Hace unas semanas, se hacía público el acuerdo de MotoGP y Yamaha por el cual la categoría de Moto3 cambiará para siempre a partir de 2028. En ese momento, todas las motos de parrilla serán iguales tanto en motor como en chasis, y pasará a ser una simple copa monomarca con rango de campeonato mundial.
La idea no ha gustado mucho en general a pesar de que no se conocían los detalles. Pero para muchos ha sido una nueva confirmación de que lo único que importa en el motociclismo actual es la categoría reina. Y las previas son simples escalones que algunos puedan ir superando para llegar a ellas y otros, simplemente, quemen su talento y su dinero en ellos.
El anuncio original dejaba en el aire todos los detalles, y ahora estamos empezando a conocer alguno de ellos y de esa Moto3 que empleará un motor Yamaha derivado del bicilíndrico de la R7 de serie. Tras estas medidas se busca reducir costes, igualar prestaciones y actualizar la categoría a las exigencias físicas y técnicas de los pilotos actuales.

De los nuevos detalles se pueden sacar ya más conclusiones, y es que el peso de la moto subirá hasta rozar los 120 kg, con lo que ya no serán las motos ligeras actuales. Y también ganarán potencia para situarse por encima de los 90 CV, en lugar de los 60 que tienen las Moto3 hoy en día.
El concepto de Moto3, heredado de 125, morirá en 2028
Una decisión que cambia una vez más el concepto de ligereza para ser rápidos por el de más potencia para equilibrar un mayor peso. Eso sí, en términos de potencia bruta se acercará más a las Moto2, que actualmente rinden en torno a los 140 CV.
El tener motos que van a ser más pesadas y más grandes favorecerá, según el campeonato, a que los pilotos puedan estar más cómodos sobre las motos, ya que sus características físicas son diferentes a la de antaño.
En cualquier caso, el punto más importante de todos será que, en teoría, se espera un abaratamiento de costes del 50% respecto a la categoría actual, haciéndola mucho más económica. Eso sí, no hay que olvidar que justo eso fue lo que en su día se prometía con Moto3 y Moto2.

Estas medidas también se implementarán en los campeonatos de acceso, con motos que serán más sencillas que las del campeonato y donde abaratar costes es una medida fundamental. Será el paso del tiempo quien diga si este cambio dentro del mundial es positivo o no. Lo que es seguro es que desde MotoGP se apuesta firmemente por él.

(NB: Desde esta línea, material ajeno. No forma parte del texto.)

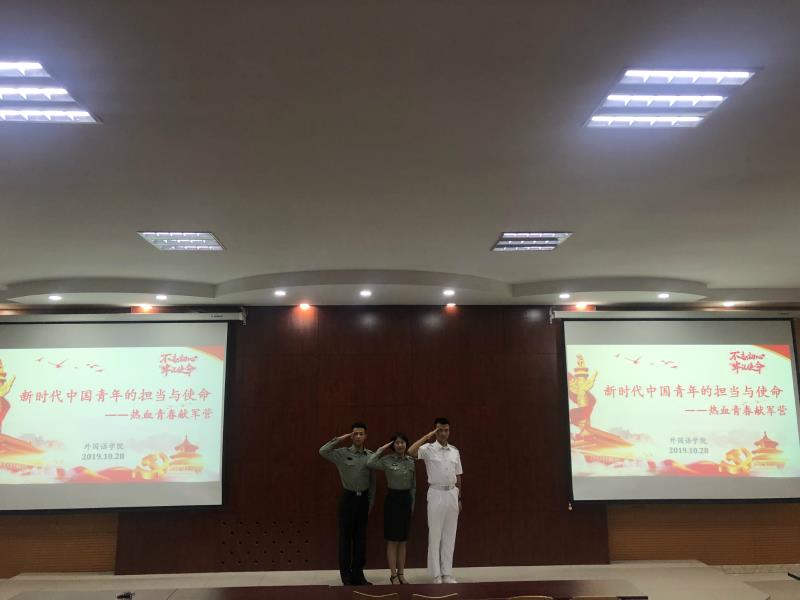 2019年10月29日,太阳tyc集团5997在博文楼347教室召开以“新时代中国青年的担当与使命——热血青春献军营”为主题的爱国主义教育专题讲座,由太阳tyc集团59972017级英语本科一班华紫荆同学、2018级空乘班于兆雷同学以及2019级俄语班钱余宽同学三名退伍军人担任主讲,太阳tyc集团5997辅导员张建英老师、朱馨馨老师、2019级全体新生以及太阳tyc集团5997全体入党积极分子,共300多人聆听了此次讲座。

Así lo demuestran las palabras de Carlos Ezpeleta, director deportivo de MotoGP que afirmaba al respecto: “El objetivo es obtener mejores prestaciones respecto a la actual Moto3, con una relación en torno a los 120 kg para más de 95 caballos. Resolvemos tres grandes problemas: identidad mecánica absoluta para todos los pilotos, ergonomía más adecuada a las complexiones actuales y un recorte del 50% en los costes de gestión.”